I would travel at night or let them ride in the cab it can be hot as hell in early sept in Wisconsin


----------



## taddy1340 (Dec 10, 2004)

Bob,

Thanks...that may be what I have to do. Night and possibly in the cab with my wife, 20 month-old and soon-to-be newborn. Tight Fit!

:lol:


----------



## jonesy (Aug 3, 2006)

At night I would agree on, traffic will not be as brutal, on a dog when the suns not shining, or even into early morn, stop by 11, or noon, just depending on all other situations that are happening at that time. It is a pick and choose battle, ya never know what the weather will do. 
Thanks Jonesy


----------



## dukegoose (Jul 17, 2006)

Keeping your family in mind, I would just leave early in the morning. The kids and wife can sleep, and the dogs will be good to go. The nice thing about kids is you will have to stop alot. Just remeber to avoid rush-hour in major cities. The slow driving and hot weather could be real bad.


----------



## Scott Schuchard (Nov 23, 2002)

personely i would have the dogs inside the cab with me


----------



## griffman (Jan 17, 2004)

I agree that night and early am travel would be best but if that doesn't fit the plan.....this might work....

Last fall Kobe ran in a dog test. The temp was over 90 degrees. I froze a gallon jug of water, bought a small battery operated fan and Kobe had his own swamp cooler in his crate! It worked real well. Kobe laid right on the jug once in a while as he waited for his turn to run. He also licked the condesation off the jug as it would sweat.

If your crate is big enough, you could stick one jug in the front of the crate and one in the rear, the air movement from the ride should be enough to swirl cold air off the ice jugs. You could buy a fan too, they are only about $10 and can be wired right to the gate of the crate.

The only problem with the ice jugs would be if you need to stop quickly or get into an accident. The jugs will slide around a bit. With a little ingenuity, I'd think you could figure out how to strap them down to make them safe for travel. I didn't travel with Kobe and the jug, he was in the air conditioning with me!

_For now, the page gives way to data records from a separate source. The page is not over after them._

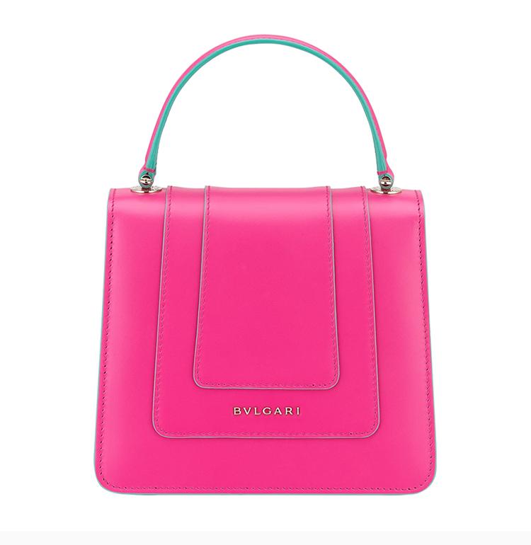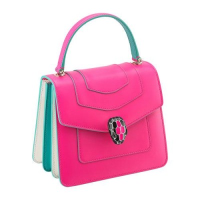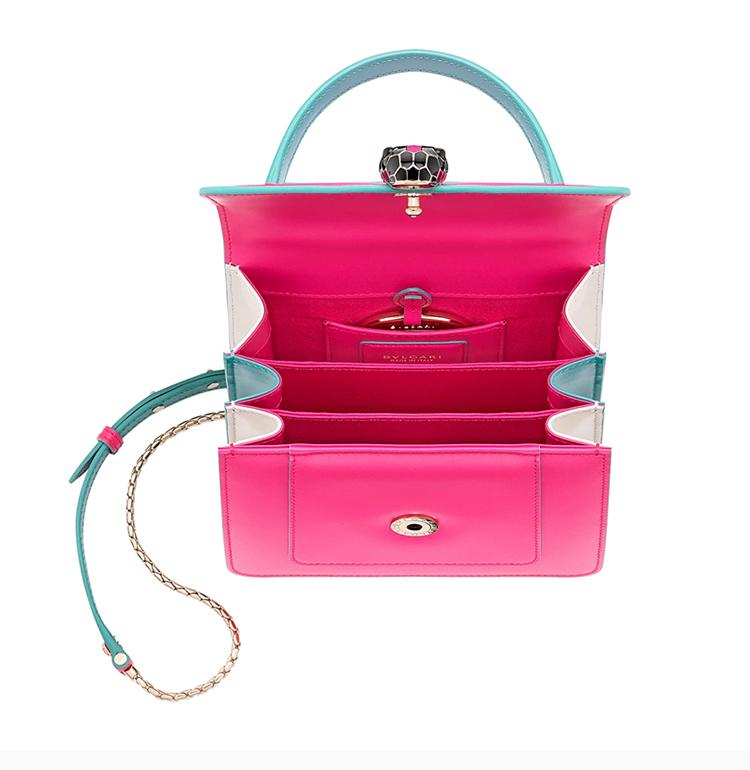 BVLGARI/寶格麗女士粉色小牛皮珐琅蛇頭包扣磁扣翻蓋開合單肩包斜挎包手提包鏈條包女包289469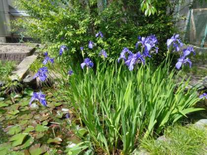 朝、東門であいさつに立っていると、地域の方が「空がきれいですね」とおっしゃっいました。ふと見上げると雲一つない青空でとても気持ちがよかったです。目を下すと青紅葉がきれいでした。ひょうたん池ではカキツバタがきれいに咲いています。春っていいですね。新緑の春ですね。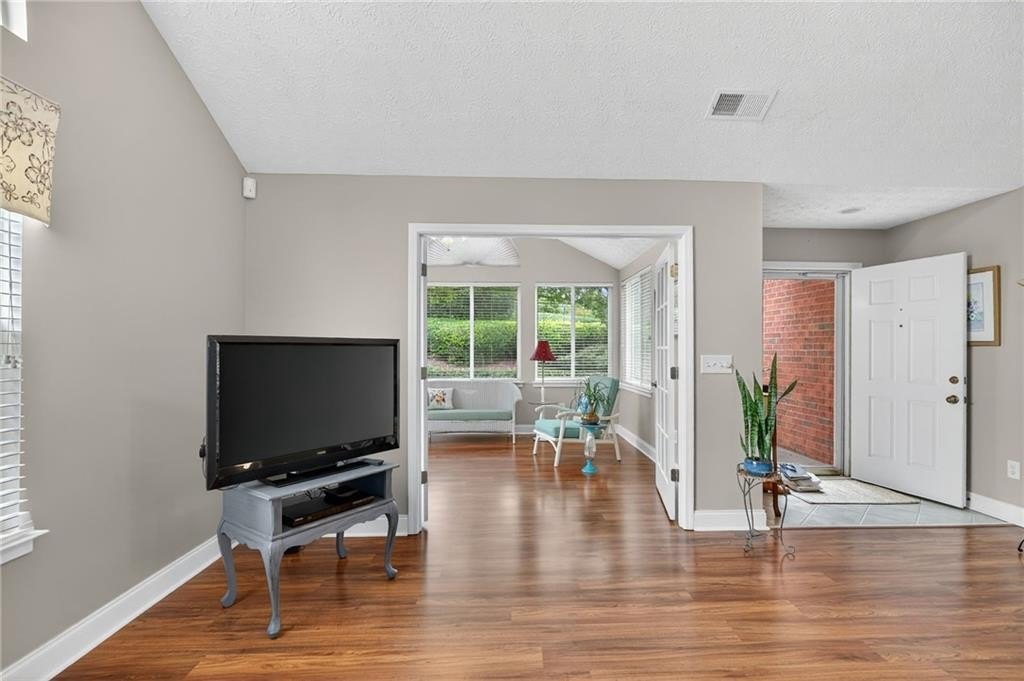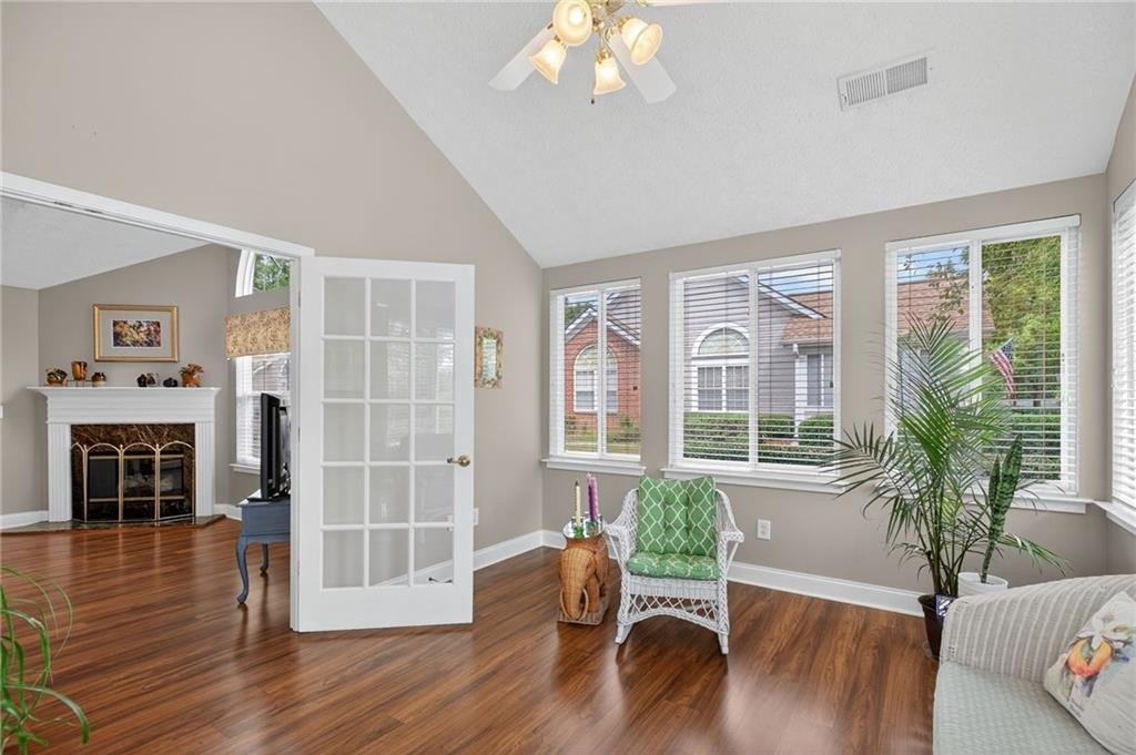 Step into this beautifully bright and inviting home, where natural light welcomes you the moment you arrive! Designed with comfort and ease in mind, this stepless layout offers spacious, open-concept living perfect for everyday enjoyment and entertaining. The flowing floor plan seamlessly connects the family room, dining area, and kitchen—ideal for gathering and connection. The primary suite is a serene retreat, featuring a dual-sink vanity, a generous walk-in shower, and an expansive walk-in closet. Enjoy brand-new carpet (installed September 2025) in both the primary and secondary bedrooms, adding a fresh touch throughout. Need a little extra space? A flexible office or potential third bedroom gives you options, and the charming sunroom—complete with doors for added privacy—provides the perfect place to relax or create a cozy nook. Storage cabinets in the garage remain. The community clubhouse has a library and a workout room. So much to enjoy! Set within a vibrant and welcoming community, you're just minutes from Kennesaw State University, shopping, and fantastic dining options. Come see all the possibilities this wonderful home has to offer!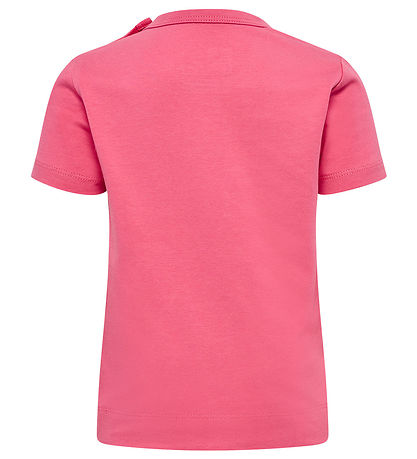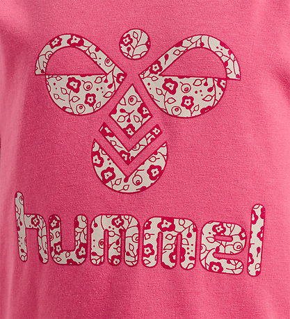 Nice Hummel t-shirt in pink, with a nice logo print on the chest in white with flowers in pink, green and blue.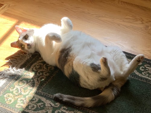 Bisquee hopes you’re keeping cool! We have central air conditioning, so she’s not as hot as she looks. She’s enjoying her bit of sunshine.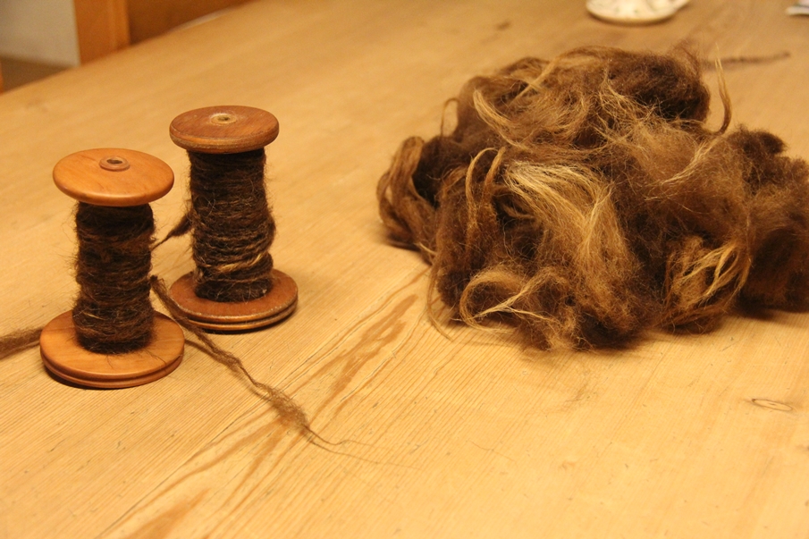 Zum ersten Mal verspinne ich die Wolle direkt nach dem Scheren, einfach gerade so, wie ich sie abgeschnitten habe. Und erlebe dabei, dass das Spinnen so viel einfacher ist. Alle Haare schauen bereits in die richtige Richtung, und können so von der drehenden Wolle sehr gut aufgenommen werden.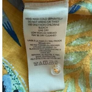 Anthropologie Maeve Balloon Sleeve Tropical Bird Button Down Shirt Yellow Size XS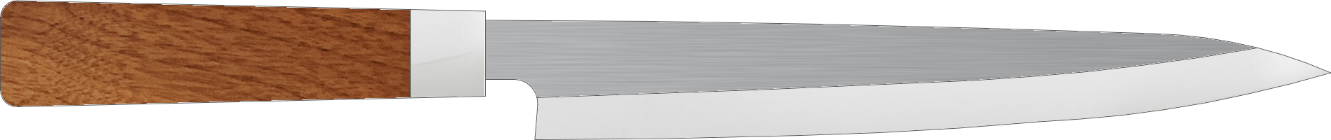 Ein japanisches Kochmesser mit breiter Klinge, beidseitig geschliffen. Es ist ein Sashimi- und Sushi-Messer, ist aber auch für Gemüse (Katsuramuki) sowie Fleisch geeignet.

I have never tried this but I bet it would work....Try the ice jug thing with the fan and use an insulated crate cover. I bet it would feel like an iced cooler inside the crate! It might look pretty funny driving down the road with the dog crate all covered and zipped up! I'd test this method before the trip, I'd stick a thermometer in there with the jugs, fan and sealed crate without the dog....see what happens?


----------